- Born: Kells, Meath
- Died: 1993 Dublin
- Resting place: Kells
- Other name: Catherine Strong
- Occupation: Chef
- Employer: Self-employed
- Known for: Michelin-starred Dunderry Lodge
- Spouse: Nicholas (Nick) Healy

= Catherine Healy (chef) =

Irish chef (died 1993)

Catherine Healy (née Strong) (born Kells, died 1993) was an Irish Michelin-starred head chef during her spell in the kitchen of restaurant Dunderry Lodge.

According to the Irish Independent, she may have been Ireland's greatest female chef.
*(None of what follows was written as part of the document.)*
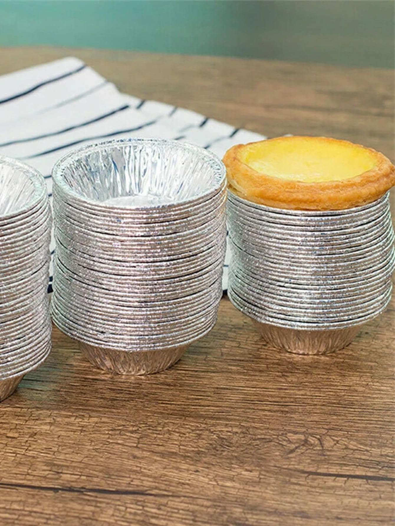 100pcs Disposable Aluminum Foil Baking Molds For Cookies, Muffins, Cupcakes, Egg Tarts, Round Shape

She, and her husband Nick, sold the restaurant in 1990, due to a terminal illness.

== Career ==
Catherine Healy was a renowned Irish chef. She owned the Dunderry Lodge restaurant with her husband Nick Healy. She was considered one of the most distinguished chefs of her time. After her husband Nick lost his job they acted on their plans to acquire a space to start their business. They decided to purchase the Darcy farm, Gaurie House, in Dunderry and convert it. This construction took 18 months and they opened the restaurant in November 1977. They converted the shed into a lodge and the barn into a dining room.

==Awards==
- Michelin star 1986-1989
- Red M 1981-1985
- One star Egon Ronay Guide 1983-1985 and 1987–1988.